Rosanda Sorakaitė, "I am not seeking to portray only the reality, which can be seen" 3
In brief: Although R. Sorakaitė started participating in exhibitions during the first years of her bachelor studies, she fully integrated into the ranks of professional artists after finishing her masters' degree. During 2014 she presented two solo exhibitions in Klaipėda and Jonava. The same year she was awarded a special prize at the international watercolor biennial "Baltic Bridges." Her works were recently shown in both selective exhibitions of the contemporary painting festival "Generations XY.Z?" and a week ago artist's exhibition "Something like that" was opened at the gallery Meno Parkas.
In Rosanda Sorakaitė works one can sense a process of long maturing thought and observation, we might even call it meditation. What does creative work mean for the artist?
"Creative process for me is concentration. If I feel bad - I cannot paint. On the other hand, while working I give away a variety of emotions, but it happens as if looking at everything from the distance, after the primary feelings subside.
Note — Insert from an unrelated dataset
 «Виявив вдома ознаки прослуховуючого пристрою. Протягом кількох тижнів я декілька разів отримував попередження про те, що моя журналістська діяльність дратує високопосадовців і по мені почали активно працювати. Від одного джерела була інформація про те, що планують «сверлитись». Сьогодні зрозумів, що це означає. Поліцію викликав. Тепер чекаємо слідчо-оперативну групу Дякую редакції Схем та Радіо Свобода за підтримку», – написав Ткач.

While painting I rethink many days that passed, visions and fantasies. While painting I like to approach a piece slowly, take my time with it. Sometimes it is possible that you just spend time near the piece - thinking, observing, photographing from all the angles, trying to see it in a different light. This is disassociation. Time for creation, is time for yourself.
Coloring is important in the painter's work. Some of her works are especially subtle. Naturally, the question arises - how long does the color search take?
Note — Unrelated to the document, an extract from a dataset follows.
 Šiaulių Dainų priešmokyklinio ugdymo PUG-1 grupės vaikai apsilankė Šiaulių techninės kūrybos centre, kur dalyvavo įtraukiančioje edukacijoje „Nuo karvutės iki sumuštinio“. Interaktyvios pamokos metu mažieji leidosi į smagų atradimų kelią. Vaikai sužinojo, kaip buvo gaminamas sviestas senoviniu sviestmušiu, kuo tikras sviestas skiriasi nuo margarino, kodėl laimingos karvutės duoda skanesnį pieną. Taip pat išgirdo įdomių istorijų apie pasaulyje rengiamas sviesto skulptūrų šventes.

Rosanda Sorakaitė says, "First, I do not think about the constructive elements of the painting, for example, composition or drawing, but about the mood or emotion that I would like to convey - and for this color is important. Sometimes it is dictated by reality, but more often by the painting itself. It happens that I wait for the appropriate colors for a while. Once I had left a painting for a year, until I finally got an idea about how that last layer should look like. I simply look at the painting and I know that it is not finished yet. I reach specific solutions unexpectedly, while doing other things, painting other paintings. Just comes a moment when it seems that you know what to do. All you need to do is wait."
I wondered, since the artist is interested in the topic of time, whether she thinks about death while creating. Rosanda Sorakaitė says that she does not focus on this topic specifically, "but of course the passing of time and existential questions about death go side by side. Observing the objects flourishing in everyday life, reflecting on them you can sense their banality, meaninglessness. Things in the face of eternity have no meaning, just like we do not mean anything in this ever-changing world. Everything is temporary: it exists now, but over time changes its state dissipates in dust and disappears.”